Protein adsorption to poly(2-aminoethyl methacrylate)-grafted Sepharose gel: Effects of chain length and charge density.

Abstract Grafting functional polymer chains onto porous resins has been found to drastically increase both adsorption capacity and uptake rate in protein chromatography. In this work, 2-aminoethyl methacrylate (AEM) was used for grafting onto Sepharose FF gel, and six anion-exchangers of different polyAEM (pAEM) chain lengths (ionic capacities, ICs), FF-pAEM, were obtained for protein adsorption and chromatography.
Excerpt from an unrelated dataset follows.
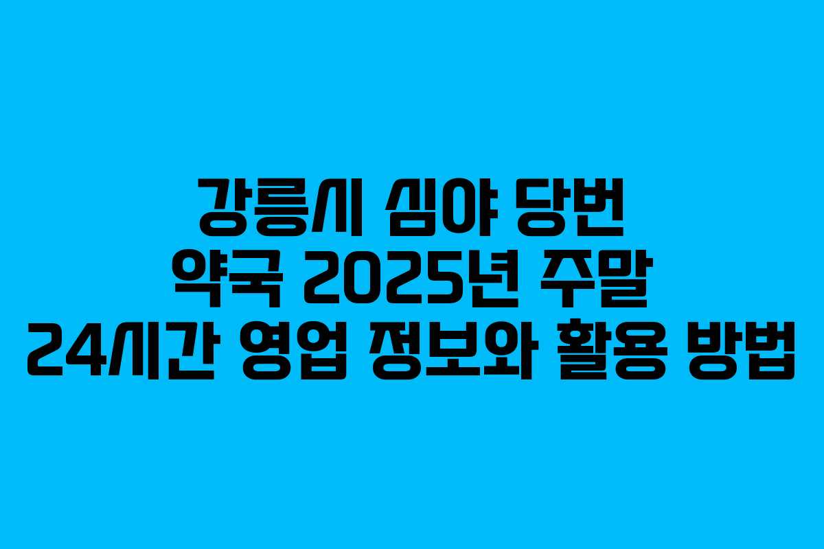 강릉시의 심야 당번 약국은 토요일과 일요일에 24시간 운영됩니다. 각 약국의 세부 운영 시간은 사전에 확인하는 것이 좋습니다.

It was found that protein adsorption capacity (qm) increased with increasing pAEM chain length, but the uptake rate, represented by the ratio of effective pore diffusivity to the free solution diffusivity (De/D0), showed an up-down trend, reaching a peak value (De/D0=0.55) at an IC of 313 mmol/L. Partial charge neutralization of the AEM-grafted resin of the highest IC (513 mmol/L) by reaction with sodium acetate produced three charge-reduced resins, FF-pAEM513-R. With reducing the charge density, the adsorption capacity kept unchanged and then decreased, but the uptake rate monotonically increased, reaching a maximum (about 2-fold increase) at a residual IC of 263 mmol/L. It is notable that, at the same IC, the charge-reduced resin (FF-pAEM513-R) presented similar or even higher values of qm and De/D0 than its FF-pAEM counterpart. Particularly, at the same IC of 263 mmol/L, a ~50% enhancement of De/D0 was observed. Both adsorption capacity and uptake rate in the charge-reduced resin with a residual IC of 339 mmo/L (FF-pAEM513-R339) decreased more sharply with increasing NaCl concentration by comparison with FF-pAEM513, indicating its increased salt-sensitivity than FF-pAEM513. That is, charge reduction on the AEM-grafted resin could accelerate protein uptake at 0 mmol/L NaCl but decrease salt tolerance. Column breakthrough experiments showed that FF-pAEM513-R339 was favorable for high flow rate protein chromatography at low NaCl concentration (0 mmol/L), whereas FF-pAEM513 was a good choice in a wide range of salt concentrations at low flow rate. This research proved the excellent protein chromatography performance of the AEM-based anion-exchangers.